Eurobarometer vor der Wahl :
Verteidigung ist eine neue Priorität vieler Europäer

Von Thomas Gutschker, Brüssel
Lesezeit: 2 Min.
Das wichtigste Thema für die Befragten des Eurobarometers: der Kampf gegen Armut und soziale Ausgrenzung
Viele der mehr als 26.000 Befragten wünschen sich im Europawahlkampf eine Debatte über die europäische Sicherheit. Bei den Werten, die das künftige EU-Parlament verteidigen soll, steht einer mit Abstand vorne: Frieden.

In der Europäischen Union zeichnet sich ein hohes Interesse an der Europawahl ab, die vom 6. bis 9. Juni stattfindet. Gemäß dem neuen Eurobarometer gaben 71 Prozent aller europäischen Befragten an, dass sie wahrscheinlich an der Wahl teilnehmen würden. Dieser Wert liegt zehn Punkte höher als vor der Europawahl 2019. Seinerzeit lag die tatsächliche Beteiligung im Mittel bei 50,6 Prozent – was schon einem deutlichen Zuwachs gegenüber der Wahl 2014 entsprach (42,6 Prozent).

In Deutschland gaben in der neuen Umfrage 78 Prozent der Befragten an, zur Wahl gehen zu wollen. Bei der repräsentativen Umfrage wurden im Februar mehr als 26.000 Bürger in allen 27 Staaten interviewt.

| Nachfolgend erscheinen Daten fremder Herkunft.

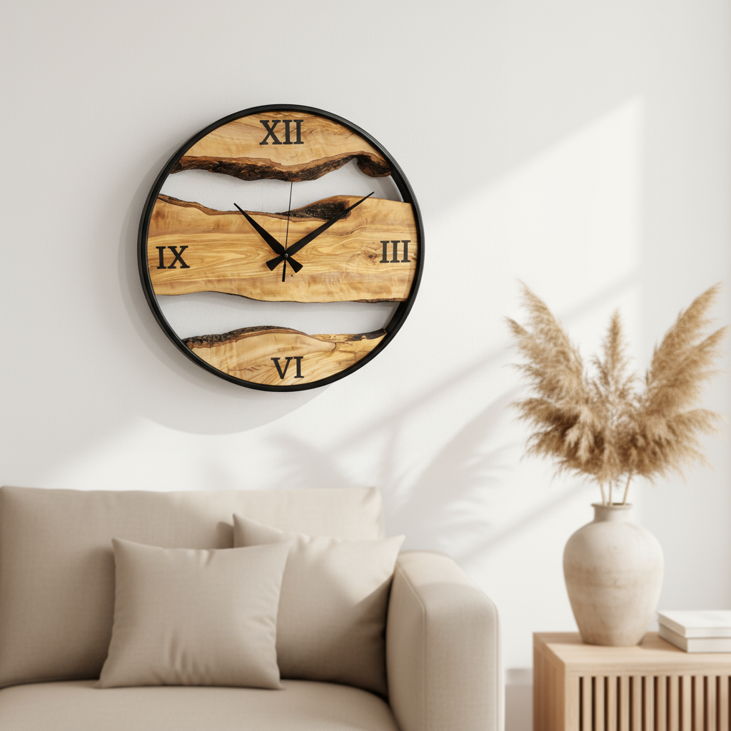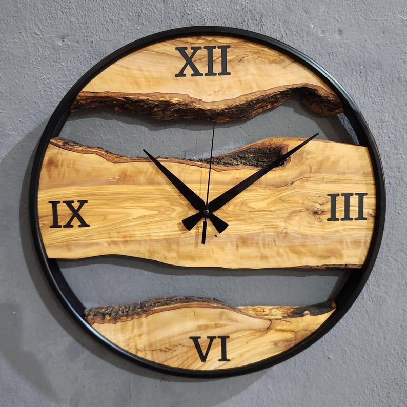 Olive Wood Wall Clock with Metal Ring & Epoxy Roman Numerals

Als wichtigste Themen, die im Wahlkampf diskutiert werden sollen, nannten die Befragten in der gesamten EU den Kampf gegen Armut und soziale Ausgrenzung (33 Prozent), die öffentliche Gesundheit (32 Prozent) sowie die Schaffung neuer Arbeitsplätze und die Verteidigung und Sicherheit der EU (jeweils 31 Prozent). Der Kampf gegen den Klimawandel folgt erst auf Platz vier (27 Prozent), im Herbst 2021 hatten ihn noch 39 Prozent genannt. Jüngeren Menschen ist dieses Anliegen wichtiger als älteren.

Der Wandel der Prioritäten zeigt sich auch bei der Frage, wie die EU ihre Rolle in der Welt stärken solle. Hier nannten die meisten Befragten Sicherheit und Verteidigung (37 ­Prozent) vor Energieunabhängigkeit und Nahrungsmittelsicherheit (jeweils 30 Prozent). Die Verringerung von Treibhausgasemissionen nannten 24 Prozent.

Die Eurobarometer-Umfragen werden seit 1974 im Auftrag des Europäischen Parlaments durchgeführt. Im Schnitt gaben in der neuen Umfrage 41 Prozent an, dass sie allgemein ein positives Bild vom Parlament hätten, 40 Prozent zeigten sich neutral, bei 18 Prozent war es negativ. Das ist der höchste Zustimmungswert seit Beginn der Messungen.

Am positivsten ist das Bild des Parlaments in Portugal, Dänemark und Irland. Deutschland liegt mit 40 Prozent im Mittelfeld, Frankreich mit 27 Prozent am Schluss.

Auf die Frage, welche Werte das Parlament in der nächsten Legislatur verteidigen soll, nannten die meisten Befragten in allen Staaten den Frieden (47 Prozent). Darauf folgten Demokratie (33 Prozent), der Schutz der Menschenrechte (24 Prozent), die Meinungsfreiheit (21 Prozent) und Rechtsstaatlichkeit (20 Prozent). In Deutschland ist der Frieden sogar für 57 Prozent der Befragten der wichtigste Wert, so hoch fällt er nirgends sonst in der Europäischen Union aus.

In allen Mitgliedstaaten glaubt die Mehrheit der Befragten, dass ihr Land von der Mitgliedschaft profitiere. In Bulgarien sagen das 52 Prozent, in Frankreich 63 Prozent, in Deutschland sogar 73 Prozent.